My goal in writing this book is to introduce economics as household management rather than as a field of conflict among people competing for scarce resources. My premise is that entropy is the problem and cooperation, not competition, is our best option for maximizing our effectiveness and efficiency in producing and distributing the resources we all need in our global household. The paradigm and theory derive from the integration of concepts from across the social sciences detailed in Weaving Golden Threads: Integrating Social Theory.
A Note on Sociology
The word sociology
comes from the Latin socius meaning companion or partner and the Greek logos meaning principle of order. Sociology is the study and identification of principles of order that govern people living as companions or partners in groups. I will present economics here as applied sociology. Sociologists study societies holistically - identifying what promotes the well-being of people in groups, and how those relationships can be improved. Talcott Parsons (1902-1979), my teacher at Harvard in the 1960s, had his PhD in economics. He left economics for sociology because he thought economics was too narrow. As a sociologist and former student of Parsons, here I am returning to economics to share with you the broader conception of economics that Parsons inspired me to pursue.
Back to TOC
Household Management Economics
The word economics
originated from the two Greek words oikos, meaning household, and nomos, meaning management. Literally, economics means household management. That is the perspective from which I have written this introduction to economics. It is very different from the textbooks that now dominate the economics profession.

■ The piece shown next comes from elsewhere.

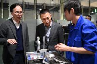 集团总裁陈文昌(中)在国际精密车间检查安全生产情况

Those textbooks are written from the perspective of an economy as people in conflict, competing against each other because they believe that there can never be enough for everyone. That perspective explains why conflict, stress and inequality pervade economic affairs today.
Our theories are not simply representations of reality; they shape reality. Economics taught as people competing for scarce resources promotes an economy of people competing for resources that their competition makes scarce.
Economics that teaches students how to cooperate as members of a household to meet everyone's needs effectively and efficiently promotes an economy of people cooperating effectively and efficiently to everyones benefit. Household management economics can promote the general welfare and ensure domestic tranquility promised in the Preamble to the U.S. Constitution. Household management economics returns economics to its original meaning and purpose, human cooperation and well-being.
Economics as a specialized application of sociological knowledge to household management is necessary because the human household has grown far beyond what we know as a family household.
Households
Families are small groups of people in face-to-face communication cooperating to do the jobs necessary for setting up and maintaining their household.
Families
Cooperation is face-to-face. Every in a family can know what everyone else is doing to help the family meet everyone’s needs. They can see it.